Como una alternativa que ha sido ensayada y experimentada en la práctica para comunidades en el pasado y el presente, el paradigma de los comunes va más allá del Estado y del mercado e implica la autodeterminación radical de la sociedad, permitiendo a la ciudadanía gestionar directamente sus recursos compartidos.

En su libro The Economic Order & Religion , Frank H. Knight y Tomás H. Merrian argumentan que «la vida social a gran escala con la propiedad en común es imposible» 1 .William F. Lloyd y después Garret Hardin, con el mismo espíritu, promovieron el término neo-malthusiano 2 de «la Tragedia de los Comunes» 3 , argumentando que los individuos, actuando independientemente y racionalmente según su interés particular, se comportan contrariamente a mejores intereses del grupo entero agotando algunas fuentes de recursos comunes. Desde entonces, las tesis que afirman que la gente es incapaz de gestionar nada colectivamente, sin el control y la supervisión de instituciones y autoridades separadas de la sociedad, se han infiltrado con éxito en el imaginario social.

Incluso dentro amplios sectores de la izquierda la gestión en común de recursos se está viendo como una utopía que se prefiere dejar para el futuro distante, persistiendo hoy en día entre variaciones de formas de propiedad privada y estatales 4 . Así se mantiene el dilema entre gestión privada / estatal de los recursos comunes, condenando otras iniciativas a la marginalidad.

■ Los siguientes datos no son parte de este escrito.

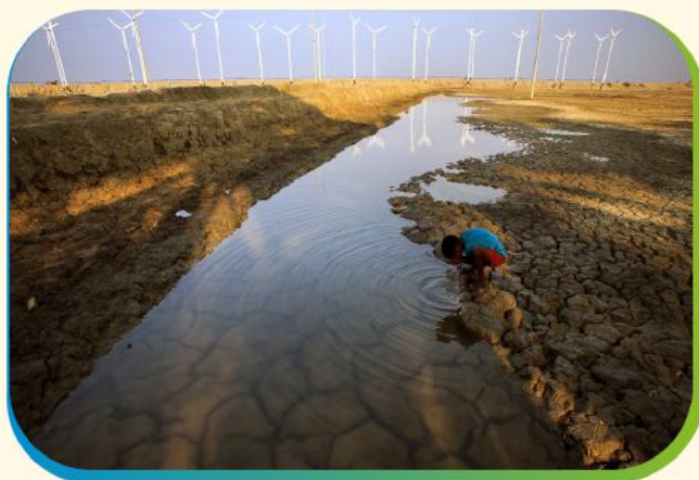
A boy is drinking water from a dried up River in Bangladesh, Pic Credit: Riasat Rakin/Flickr

Climate change-induced natural disasters plague Bangladesh due to its geographic location and flat, low-lying topography. High population density, poverty and reliance on climate-sensitive sectors for water and food security, particularly water resources, agriculture, fisheries and livestock, increasing its vulnerability to climate change.

Sin embargo, un número creciente de voces intenta romper con esta dicotomía. Por los autonomistas Michael Hardt y Antonio Negri esto es un falso dilema. Según ellos,

«La aparentemente exclusiva alternativa entre lo privado y lo público se corresponde con una alternativa política igualmente perniciosa entre capitalismo y socialismo. A menudo se asume que la única cura a los males de la sociedad capitalista es la regulación pública y la gestión económica keynesiana y / o socialista; y, desde el otro lado, parece que las enfermedades socialistas sólo se pueden tratar con la propiedad privada y el control capitalista. Pero el socialismo y el capitalismo, pese a veces se han mezclado entre sí causando conflictos amargos, son ambos regímenes de propiedad que han excluido el común. El proyecto político de instituir lo común (…) corta en diagonal estas falsas alternativas. » 5

La falsedad del dilema estatal / privado también se puede observar en la relación simbiótica entre estas dos supuestas «alternativas». El autor y activista David Bollier señala el parentesco histórico entre los dos 6 . Según él, los mercados se han beneficiado del aprovisionamiento aportado por el Estado de infraestructura, innovación y actividad mercantil, así como del acceso libre y gratuito a bosques públicos, minerales, líneas aéreas, investigación y otros recursos públicos . Por otra parte, el Estado depende de los mercados como fuente vital de impuestos y trabajo para la gente, y también como una manera de evitar afrontar las desigualdades de riqueza y de oportunidad social, dos retos políticamente explosivos.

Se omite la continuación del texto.